There’s one disparity that warrants mention, and this is one that only those involved in online configuration and online commerce may be able to closely relate. When stacking up vendor to vendor, I believe it would have been better to focus exclusively on the configuration capability, not the commerce component. Frankly, this is where, imo, Mr. Alvarez missed a bit.
Commerce tools are exceptionally demanding animals. If you’ve got an exceptional, best-of-breed configurator, do you want to also attempt to develop a best-of-breed commerce engine? Or, would you rather augment your business case by easily integrating with best-of-breed tools?
Scanning the vendor line up, some are rewarded for having good commerce engines while others are penalized for not building those themselves. My take on it is this is not necessarily wise. I’d much rather be able to deal with a “best tools in the box” approach, particularly if they’ve demonstrated effective integration with past deployments.

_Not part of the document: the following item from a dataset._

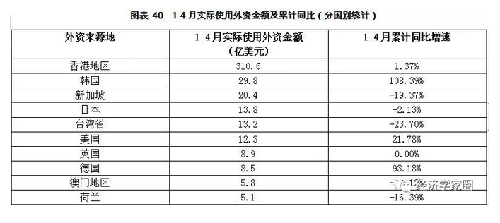 贸易摩擦以来,从实际使用外资金额的数据来看,中国维持了去年以来的稳定增长态势。今年1-5月我国实际使用外资546.1亿美元,同比增长3.7%(未含银行、证券、保险领域数据),在全球外国直接投资持续下降的背景下逆势增长。从商务部公布到1-4月份来华直接投资前十位的国家/地区数据来看,香港、韩国、新加坡、日本、美国、英国、德国对华投资分别增长1.4%、108.4%、-19.4%、-2.1%、21.8%、0.0%和93.2%。

Further, some key configuration issues aren’t addressed thoroughly and some aren’t covered at all. For example, a key issue with configuration engines is the nature of their modeled data interpretation: are they rules based or constraints based? This was not compared within the analysis. I’d underscore this is a huge data maintenance issue. When calculating the ongoing costs involved in online configuration, data maintenance will typically easily eclipse all other costs. You don’t want to stumble on this topic. Constraint based systems largely tend to be less labor intensive as you build and maintain your data models.
In summary, since I’m familiar with a number of these players, who do I think should have been rated higher? Although the Swedish firm, Tacton, is not a software behemoth like Oracle or SAP (and for this we can give thanks) the integration that they demonstrate is outstanding, their data modeling is lucid, and their support and deployment options work very well. I couldn’t justify rating any of the other vendors more highly (and may have rated some of the others a bit lower). Tacton plays exceptionally well with IBM’s WebSphere Commerce, which is a powerhouse in online B2B and B2C commerce. They also have a very impressive array of other application partners, including Microsoft, Autodesk and Dassault Systems (SMARTEAM and SolidWorks). It’s clear that Tacton understands not only configuration, but how to move in a veritable arsenal of high impact supporting systems, all in a best-of-breed environment.